*** Opening of Material supplied ***

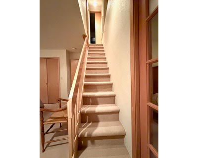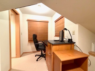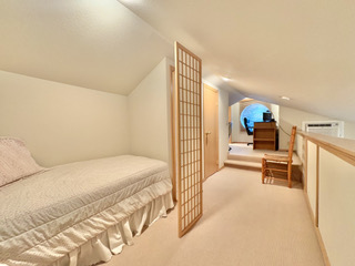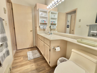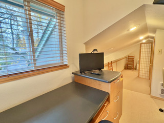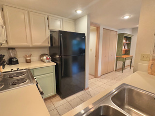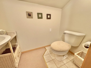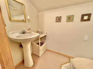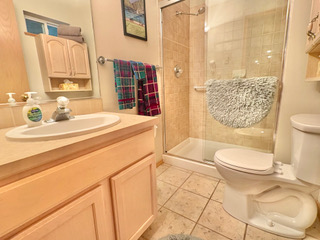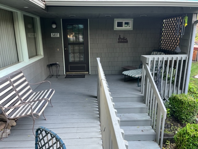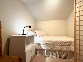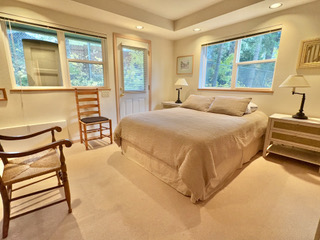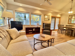 The duplex accommodates up to 5 (five) people. There are two bedrooms with separate bathrooms (one king bed and one queen) downstairs, and a single bed with a half-bath upstairs. The interior was freshly painted in 2025 with the addition of new window shades and living room and dining room furnishings.
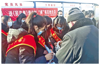 圖為鄒平法院干警在西言禮村向村民發(fā)放民法典知識(shí)手冊(cè)。
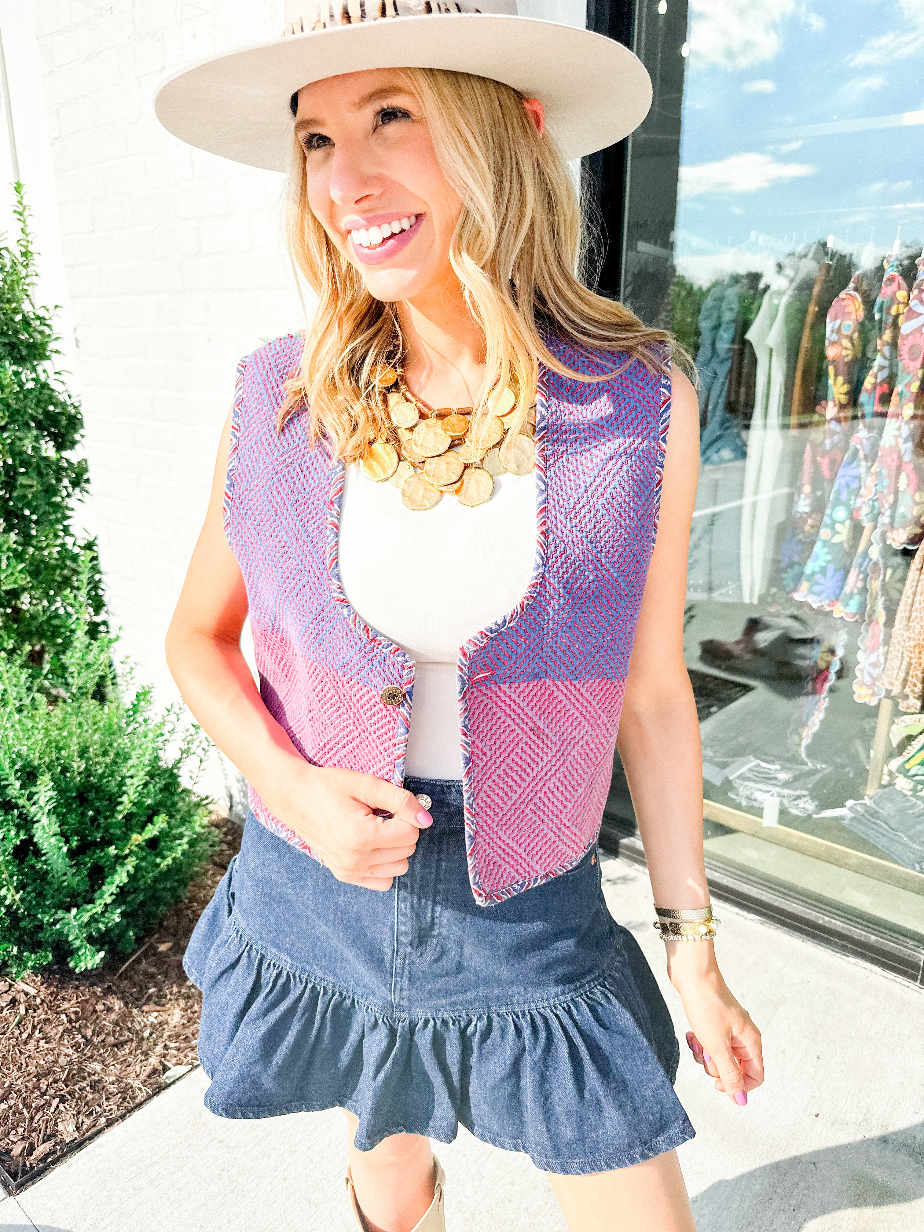 Add a splash of vintage charm to your wardrobe with the Dolly Vest! This playful piece brings retro vibes and endless style possibilities, making it the perfect layer for a fun, fashionable look every day.
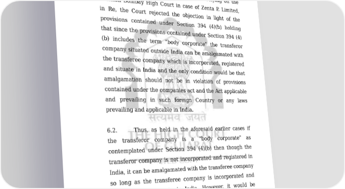 COMP/135/2011 22/49 ORDER Essar Shipping Port and Logistic Limited in Re wherein the Court in the decision dated 16.1.2009 in Company Petition No. 280 of 2008 in Company Application No.490 of 2008 considered similar objection and relying on the decision Bombay High Court in case of Zenta P. Limited, in Re, the Court rejected the objection in light of the provisions contained under Section 394 (4)(b) holding that since the provisions contained under Section 394 (4) (b) includes the term “body corporate” the transferor company situated outside India can be amalgamated with the transferee company which is incorporated, registered and situate in India and the only condition would be that amalgamation should not be in violation of provisions contained under the companies act and the Act applicable and prevailing in such foreign Country or any laws prevailing and applicable in India. 6.2. Thus, as held in the aforesaid earlier cases if the transferor company is a “body corporate” as contemplated under Section 394 (4)(b) then though the transferor company is not incorporated and registered in India, it can be amalgamated with the transferee company so long as the transferee company is incorporated and registered and situate in India. However, it would be subject to the condition that such amalgamation must not be in violation of the provision contained under Reserve Bank of India Act, 1934 and / or Foreign Exchange Management Act, 1999 and also the provision of the Companies Act or any other law. Such amalgamation also Downloaded on : Fri Jan 27 19:33:28 IST 2023
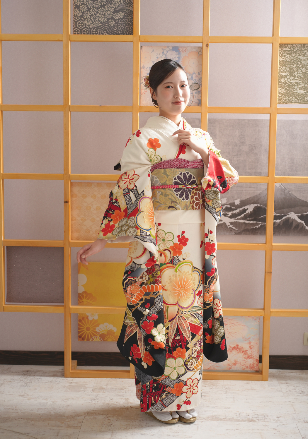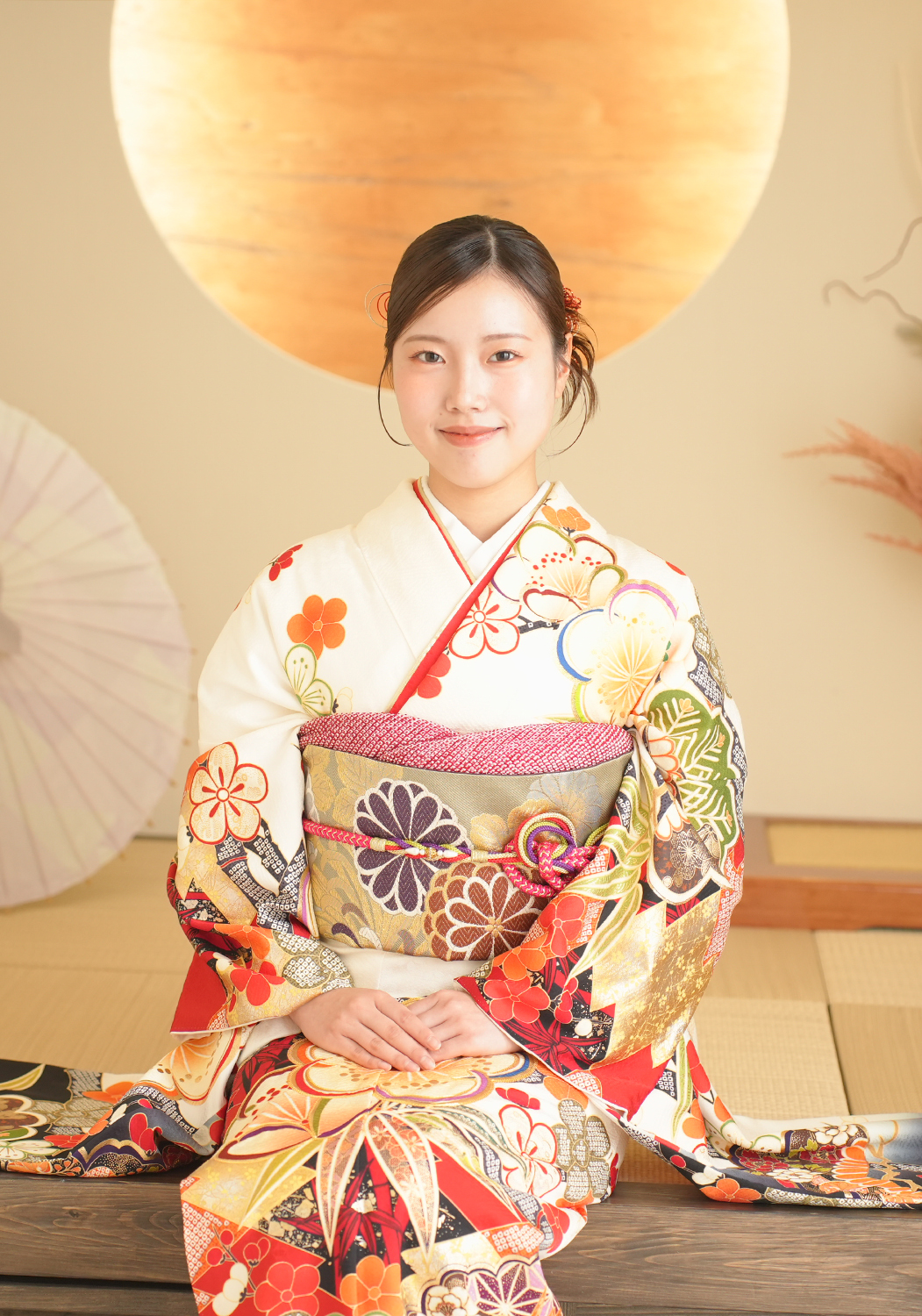 和室の背景と振袖が合っていて和を感じられますね🍂

*** Close of Material supplied ***

The answer should contain only the lines from the start of the records above through the line with "圖為鄒平法院干警在西言禮村向村民發(fā)放民法典知識(shí)手冊(cè)。", copied exactly, and no pictures.

• _Final answer_
 The duplex accommodates up to 5 (five) people. There are two bedrooms with separate bathrooms (one king bed and one queen) downstairs, and a single bed with a half-bath upstairs. The interior was freshly painted in 2025 with the addition of new window shades and living room and dining room furnishings.
 圖為鄒平法院干警在西言禮村向村民發(fā)放民法典知識(shí)手冊(cè)。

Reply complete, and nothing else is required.